Сиддхартха наклонился и поднял с земли камень.

— Вот камень, — сказал он, покачивая его на ладони. — Однажды он, может быть, станет землею, а из земли превратится в растение, или в животное, или в человека. Раньше я бы сказал: «Это всего лишь камень, он не имеет ценности, он принадлежит к миру Майи, но так как когда-нибудь в потоке превращений он, возможно, обретет дух, станет человеком, я и к нему отношусь с уважением». Так я, пожалуй, подумал бы раньше. Сегодня же я думаю иначе: это камень, это и животное, это и бог, это Будда, я почитаю и люблю его не потому, что он когда-нибудь может стать тем или другим, а потому, что он давно уже есть и вечно пребудет всем, и именно потому, что он — камень, что сегодня, сейчас он представляется мне камнем, именно поэтому я люблю его и вижу ценность и смысл в каждой его прожилке, в каждой трещинке, в каждом оттенке его цвета, в его твердости, в звуке, который он издает, если по нему похлопать рукой, в сухости и влажности его поверхности. Есть камни гладкие, как масло, или скользкие, как мыло, другие напоминают листья, третьи — песок, и каждый из них необычен, каждый шепчет на свой лад священное «Аум», каждый — брахман, но в то же время — и в той же мере — камень, гладкий и скользкий или шершавый, и именно это мне нравится и кажется удивительным и достойным поклонения… Но позволь мне больше не говорить об этом.

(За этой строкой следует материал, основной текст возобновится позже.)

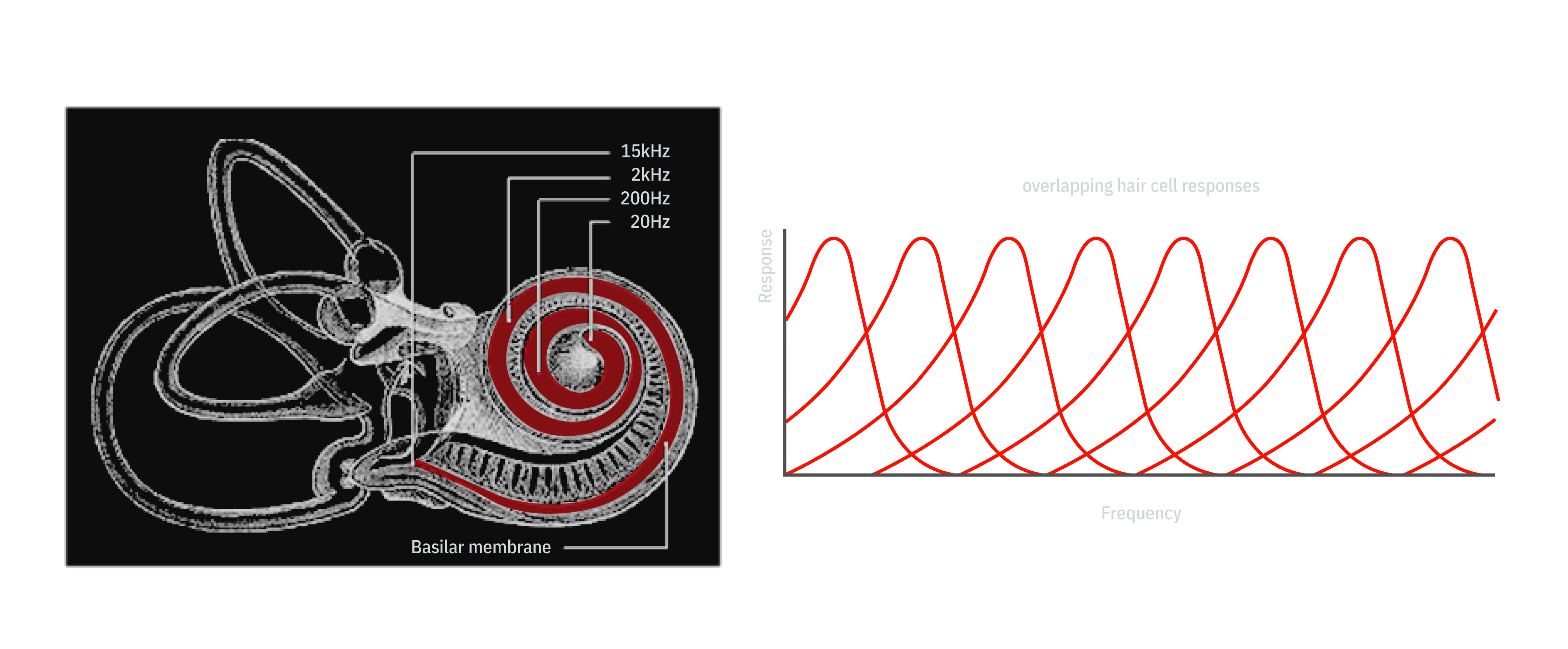 Das menschliche Gehör hört durch vier Reihen von Härchen, die sich in der Basilarmembran innerhalb der Cochlea befinden. Jede Haarzelle ist auf ein schmales Frequenzspektrum, das durch seine Position auf der Membrane bestimmt wird, gestimmt. Da die Basilarmembran am ovalen Fenster schmal und dick ist, ist ihre Eigenfrequenz hier hoch (bei geringer Amplitude), so dass in diesem Bereich hohe Frequenzen wahrgenommen werden. Weiter in Richtung Zentrum der Schnecke (Helicotrema), wo sie breiter und dünner ist, schwingt sie mit niedrigerer Frequenz (bei größerer Amplitude), so dass in diesem Bereich tiefere Frequenzen wahrgenommen werden. Die Empfindlichkeit der jeweiligen Haarzelle hat ihr Maximum in der Mitte des Frequenzspektrums und fällt rasch zu beiden Seiten hin ab, so dass sich die Spektren nebeneinander liegender Härchen überlappen und eine Art überlappender Serie von Frequenzfiltern darstellen.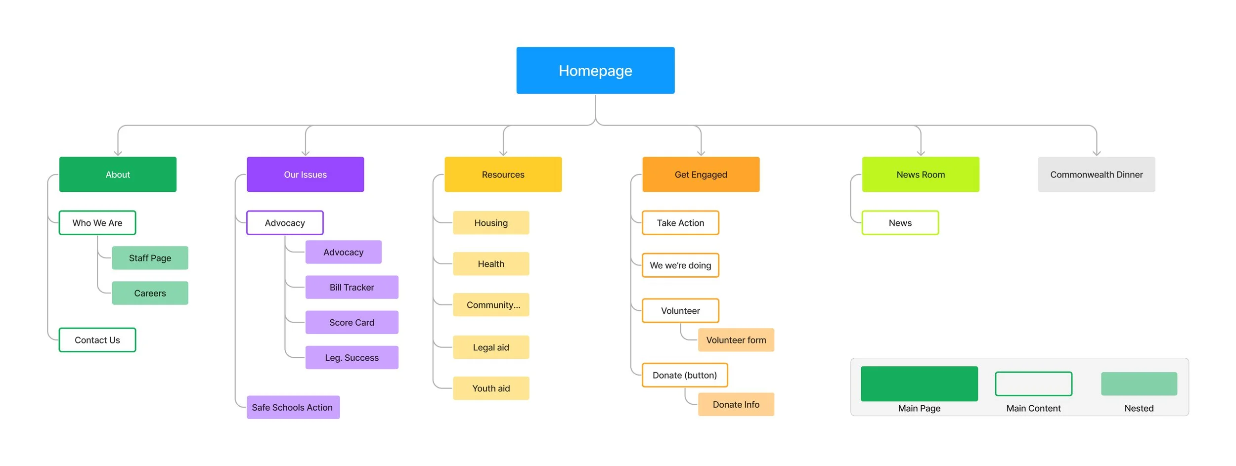 Creating a sitemap allowed the Equality Virginia’s team and myself decide on what’s most important and in what order the site will be categorized.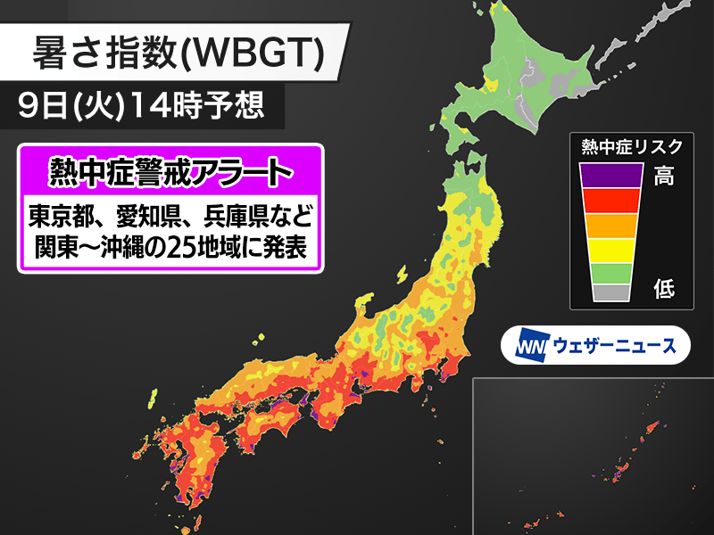 今日9月9日(火)の熱中症警戒アラート 東京都など関東〜沖縄の25地域に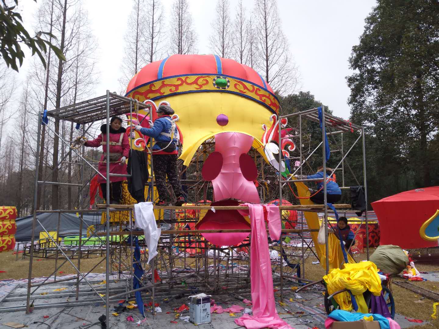 目前,東方彩燈身懷技藝的制燈匠人正緊鑼密鼓的制作中。那些看上去冰冷粗獷的鐵絲、綢緞,在他們“馴化”下變得溫順隨和,一組組或生動、或委婉、或雄渾的燈組栩栩如生。本屆“太陽節(jié)”較大的突破是所有燈組均采用節(jié)能環(huán)保燈具,較之往年減少三分之二的用電負荷,打造炫彩奪目的燈光效果的同時,保護了環(huán)境和游客。在制作方面,部分主要大型燈組均采用加密色丁布裝飾,傳統(tǒng)燈組結合現(xiàn)代科技,民俗風情融合時尚藝術,集現(xiàn)代感、藝術感為一體,凸顯顏色豐富的層次感。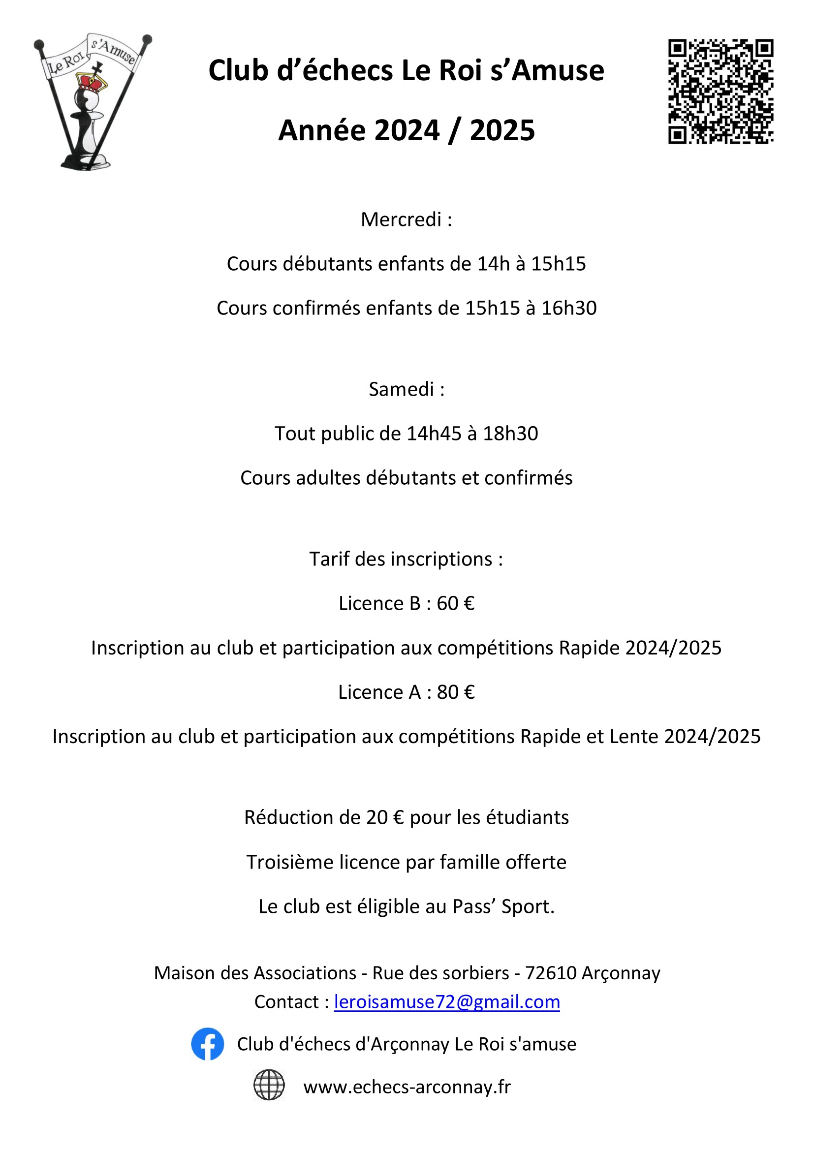 Licence B : 60€ (permet de participer aux tournois en parties rapides, moins d'1h)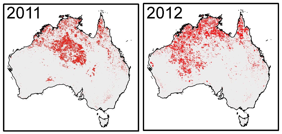 1/3 The largest ever recorded mega-fire season in Australia was in 2011, right after two consecutive wet years (La Nina), with about 100 million hectares burned across the continent, mostly rangelands. That is about 4 times the area of the UK, in one year.pic.twitter.com/8A4v48j2J9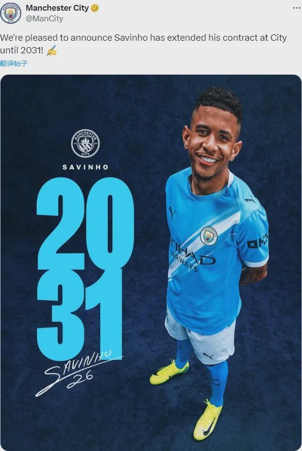 官方:曼城宣布和萨维尼奥续约到了2031年。21岁的萨维尼奥今夏曾和热刺联系在一起,不过曼城拒绝放人,而这名新星现在签下了一份新的长期合同,锁定了他的未来。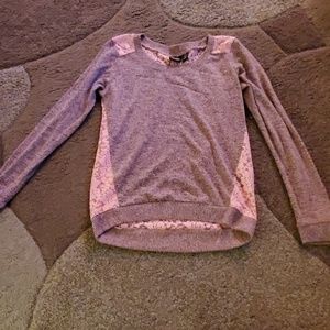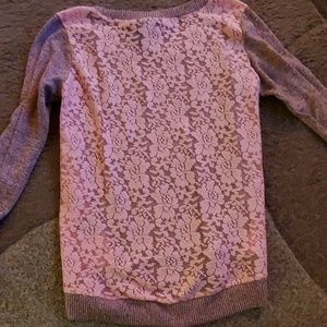 Rose pink with pink floral lace back. Long sleeve, light wear. Polyester and rayon blend.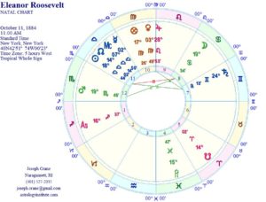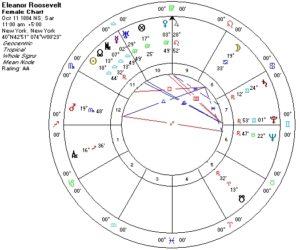 Now that we have closely examined the visible planets we see how Uranus, Neptune, and Pluto add to what we know. Pluto tells us more about Roosevelt’s Venus placement, as Pluto in the Seventh House is in square to Venus; this helps accounts for her husband’s infidelity and further indicate her responses to that. Any extracurricular relationships would occur with the greatest discretion. On the mental side, Pluto is in close trine with Mercury, adding an intensity and depth to her speaking and writing and to how her mind operates.

Сокровенный смысл боится слов, так же как тьма боится света, — стоит лишь попытаться выразить что-то в словах, как это что-то тотчас же ускользает, оставляя нам свой искаженный образ, звучит глупостью в наших устах. Но и это мне по душе, и это прекрасно, и с этим согласно мое сердце — истина, обладающая ценностью для одного, для другого всегда звучит глупостью.

Говинда молча внимал его речам.

— Почему ты заговорил о камне? — нерешительно спросил он наконец, когда голос Сиддхартхи смолк.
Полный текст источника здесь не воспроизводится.